What is expected ▸
Every line of the data below is to be given again as it appears, with the images removed.

[Opening Material supplied section]

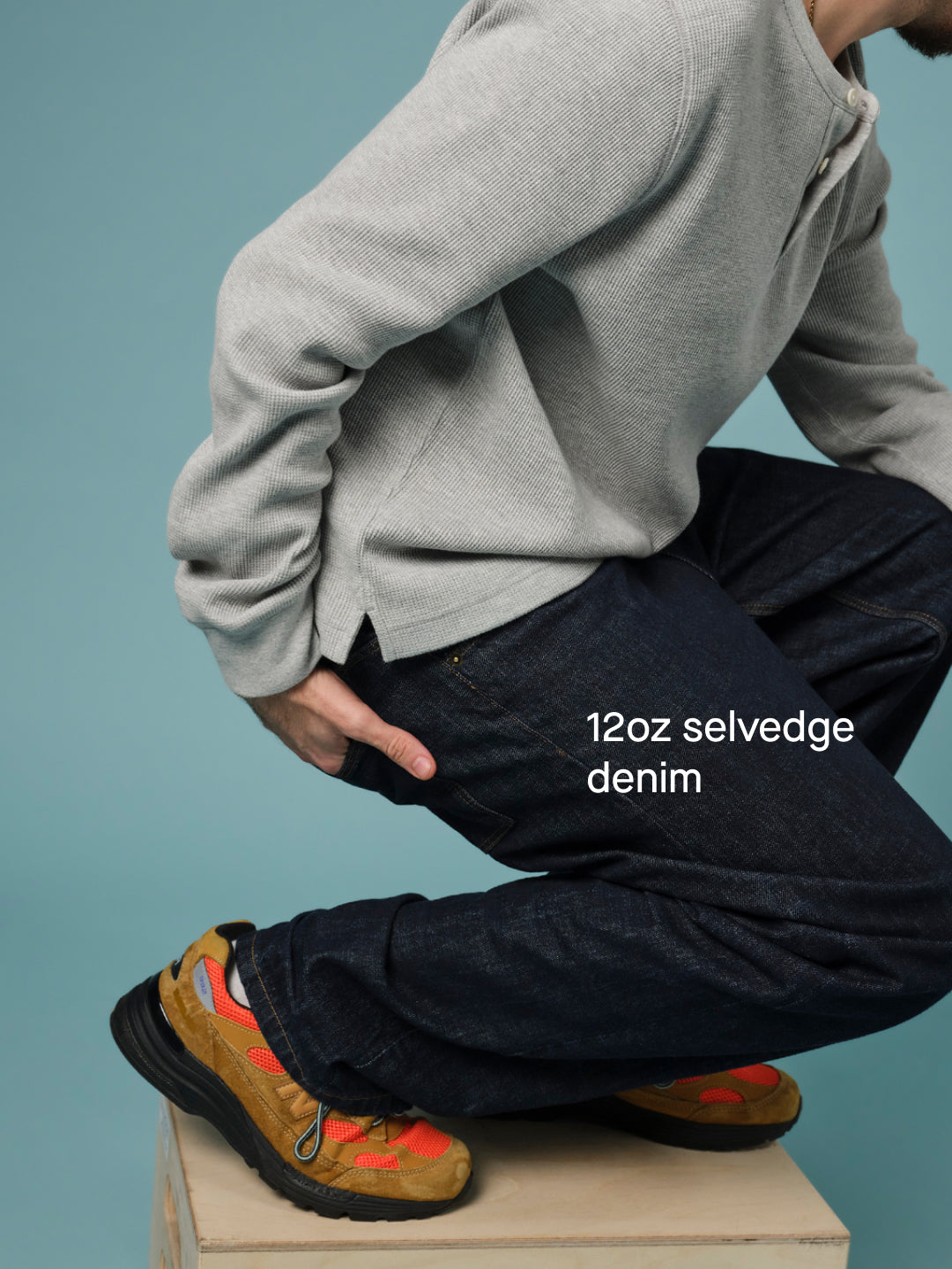 Selvedge denim begins on traditional shuttle looms, where fabric is woven with care, patience, and precision. The result is a clean, finished edge - a hallmark detail best seen with a turn-up at the hem. Built tougher by nature, it takes its time to wear in, fading gradually with movement, use, and age. It’s denim that tells your story. An investment in character that only gets better the longer you live in it.
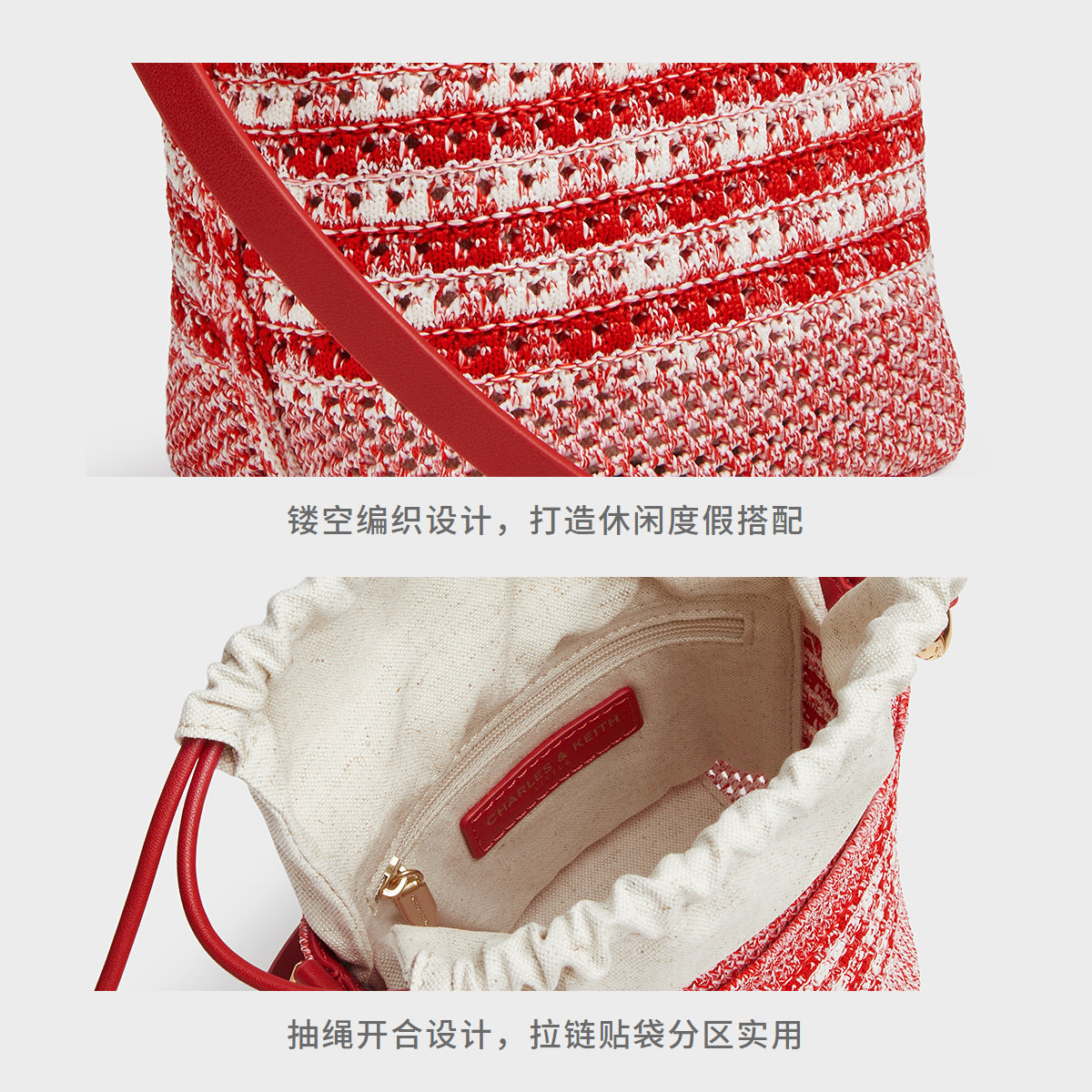 [折扣推荐]CHARLES&KEITH水桶包CK11-10782618镂空编织抽绳斜挎包
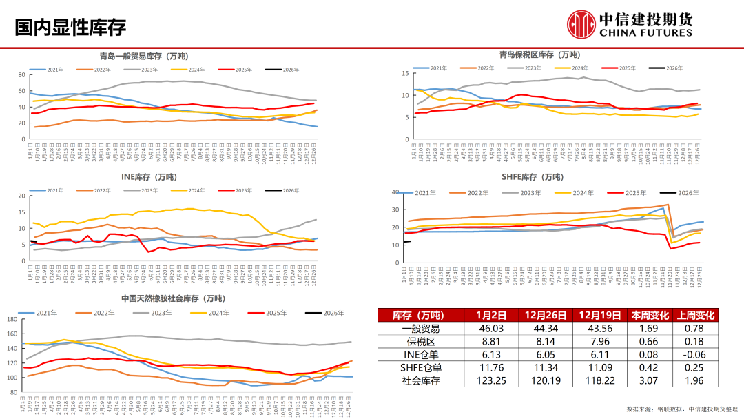 库存:截至2026年1月4日,中国天然橡胶社会库存123.2万吨,环比增加3.1万吨,增幅2.5%。中国深色胶社会总库存为81.5万吨,增3%。其中青岛现货库存增4.5%;云南增0.3%;越南10#增3.5%;NR库存小计增1.3%。中国浅色胶社会总库存为41.7万吨,环比增1.3%。其中老全乳胶环比降0.8%,3L环比增7%,RU库存小计增3.6%。
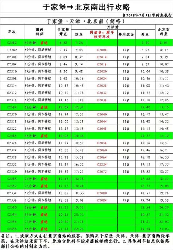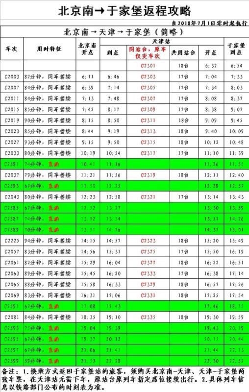 于家堡至北京南便捷往返新攻略 不换站台 仅换车次
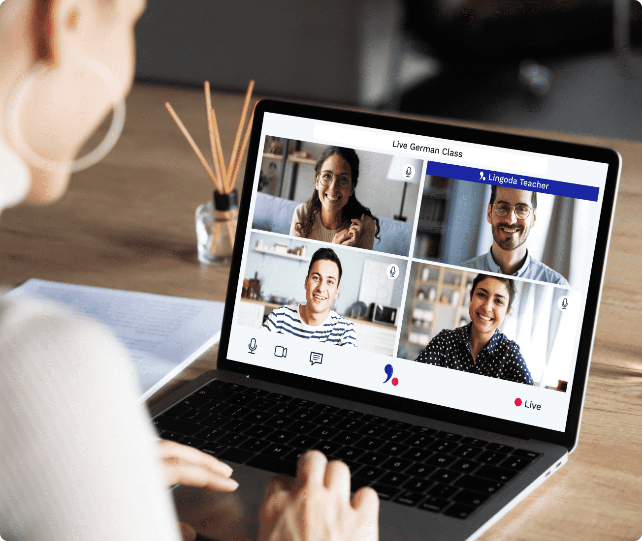 Chez Lingoda, vous suivez des cours en ligne qui sont animés en direct par des professeurs d’allemand. C’est l’un des grands atouts de notre méthode d’apprentissage. Nous sommes une école de langue, et non pas une application en ligne. Imaginez vos futurs cours comme des classes virtuelles. Pendant une heure, vous avez tout le loisir de participer, de parler, de vous entraîner au maximum. Si vous avez opté pour un cours particulier, vous êtes en tête à tête avec un enseignant pendant une heure. Si vous avez choisi un cours collectif, la leçon s’organise en petit groupe de cinq apprenants maximum. En soixante minutes, chacun a le temps de bien comprendre la leçon et de s’exercer l’oral. Dans les deux cas, vous profitez d’un cadre d’apprentissage privilégié pour apprendre l’allemand dans les meilleures conditions.
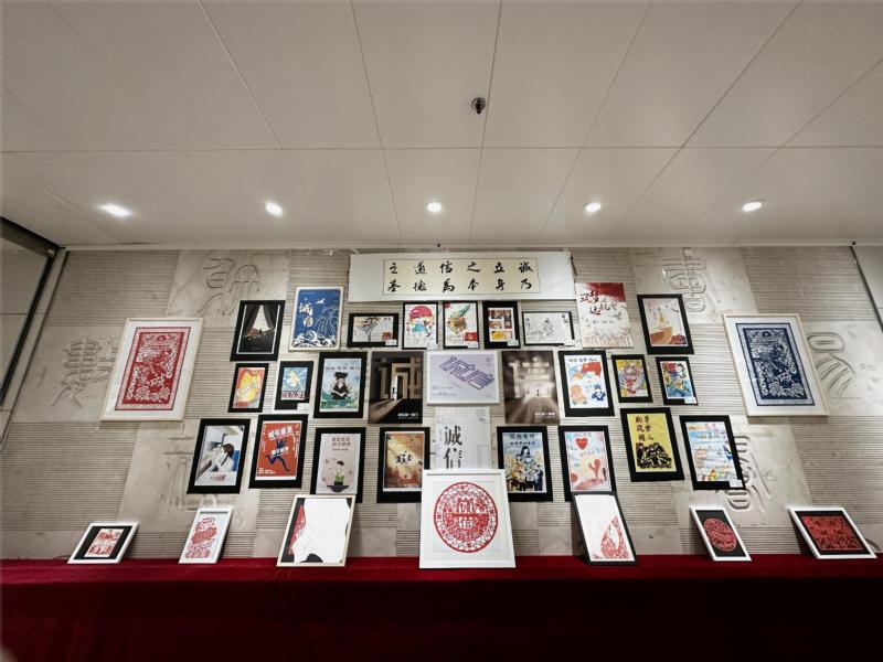 本次书法海报作品展分为书法作品展区、海报及刻纸作品展区、彩绒画及烙画作品三大展区:书法作品遒劲有力,海报作品设计精妙,刻纸作品意蕴古朴,彩绒画作品气势恢宏……一幅幅精美的艺术作品吸引了众多师生驻足观看,并不时相互讨论。作品展以一种全新的形式使师生们在观赏中深刻理解诚信教育的内涵。
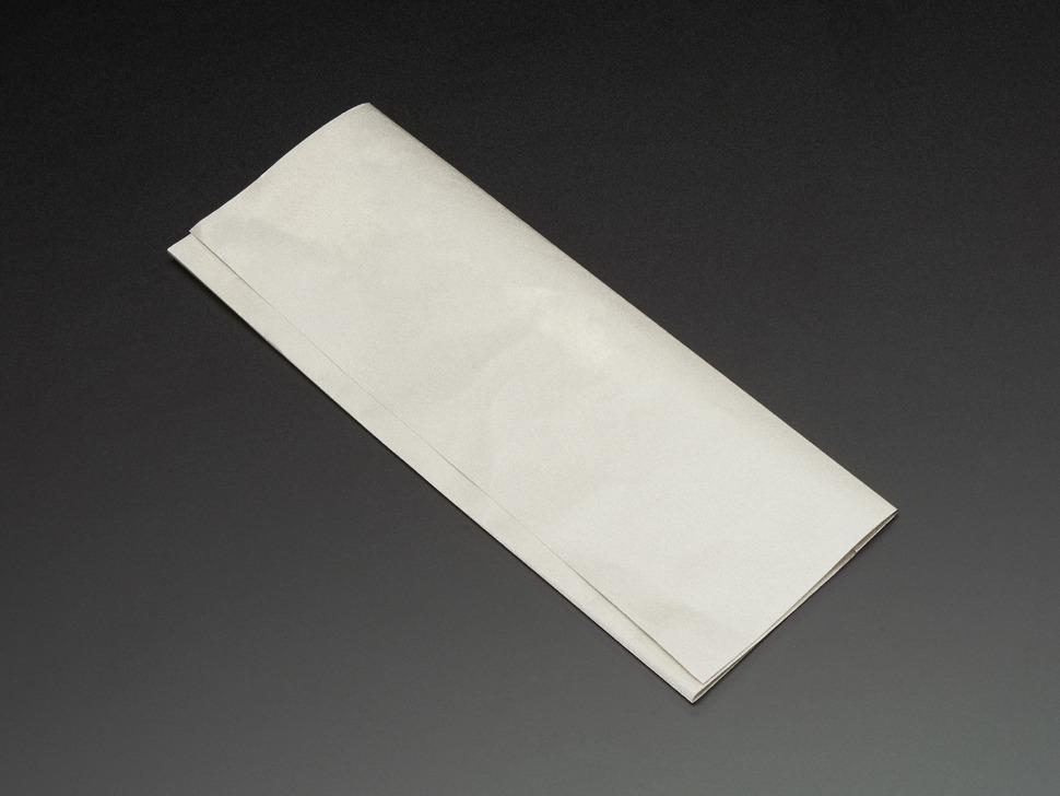 This woven conductive fabric is silver-colored and crafted from Copper+Nickel-plated polyester. Use small pieces for soft switches, plush keypads, capacitive touch sensors, and other textile interfaces. Its exceptional conductivity exhibits a resistance of less than 1 ohm per foot in any direction across the textile.
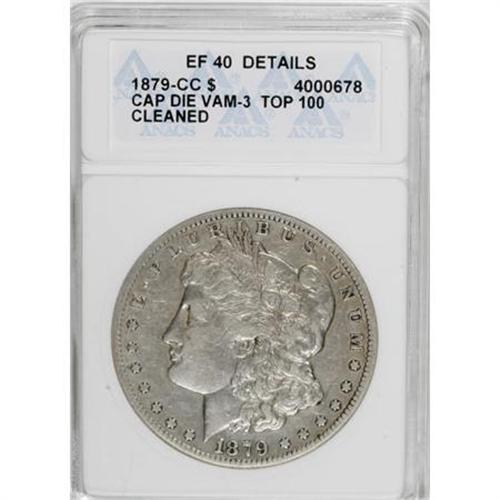 <B>1879-CC $1 Capped Die--Cleaned--ANACS. XF40 Details.</B></I> Vam-3 Top-100. NGC Census: (38/800). PCGS Population (43/1259). Numismedia Wsl. Price for NGC/PCGS coin in XF40: $540. (#7088)<BR><BR><B>Coin Engraver:</B> George T. Morgan<BR><BR><b>Shipping:</b> Coins & Currency (<a target="_blank" href="http://www.heritageauctions.com/common/shipping.php">view shipping information</a>)

[Closing Material supplied section]

Output for this exercise ▸
 Selvedge denim begins on traditional shuttle looms, where fabric is woven with care, patience, and precision. The result is a clean, finished edge - a hallmark detail best seen with a turn-up at the hem. Built tougher by nature, it takes its time to wear in, fading gradually with movement, use, and age. It’s denim that tells your story. An investment in character that only gets better the longer you live in it.
 [折扣推荐]CHARLES&KEITH水桶包CK11-10782618镂空编织抽绳斜挎包
 库存:截至2026年1月4日,中国天然橡胶社会库存123.2万吨,环比增加3.1万吨,增幅2.5%。中国深色胶社会总库存为81.5万吨,增3%。其中青岛现货库存增4.5%;云南增0.3%;越南10#增3.5%;NR库存小计增1.3%。中国浅色胶社会总库存为41.7万吨,环比增1.3%。其中老全乳胶环比降0.8%,3L环比增7%,RU库存小计增3.6%。
 于家堡至北京南便捷往返新攻略 不换站台 仅换车次
 Chez Lingoda, vous suivez des cours en ligne qui sont animés en direct par des professeurs d’allemand. C’est l’un des grands atouts de notre méthode d’apprentissage. Nous sommes une école de langue, et non pas une application en ligne. Imaginez vos futurs cours comme des classes virtuelles. Pendant une heure, vous avez tout le loisir de participer, de parler, de vous entraîner au maximum. Si vous avez opté pour un cours particulier, vous êtes en tête à tête avec un enseignant pendant une heure. Si vous avez choisi un cours collectif, la leçon s’organise en petit groupe de cinq apprenants maximum. En soixante minutes, chacun a le temps de bien comprendre la leçon et de s’exercer l’oral. Dans les deux cas, vous profitez d’un cadre d’apprentissage privilégié pour apprendre l’allemand dans les meilleures conditions.
 本次书法海报作品展分为书法作品展区、海报及刻纸作品展区、彩绒画及烙画作品三大展区:书法作品遒劲有力,海报作品设计精妙,刻纸作品意蕴古朴,彩绒画作品气势恢宏……一幅幅精美的艺术作品吸引了众多师生驻足观看,并不时相互讨论。作品展以一种全新的形式使师生们在观赏中深刻理解诚信教育的内涵。
 This woven conductive fabric is silver-colored and crafted from Copper+Nickel-plated polyester. Use small pieces for soft switches, plush keypads, capacitive touch sensors, and other textile interfaces. Its exceptional conductivity exhibits a resistance of less than 1 ohm per foot in any direction across the textile.
 <B>1879-CC $1 Capped Die--Cleaned--ANACS. XF40 Details.</B></I> Vam-3 Top-100. NGC Census: (38/800). PCGS Population (43/1259). Numismedia Wsl. Price for NGC/PCGS coin in XF40: $540. (#7088)<BR><BR><B>Coin Engraver:</B> George T. Morgan<BR><BR><b>Shipping:</b> Coins & Currency (<a target="_blank" href="http://www.heritageauctions.com/common/shipping.php">view shipping information</a>)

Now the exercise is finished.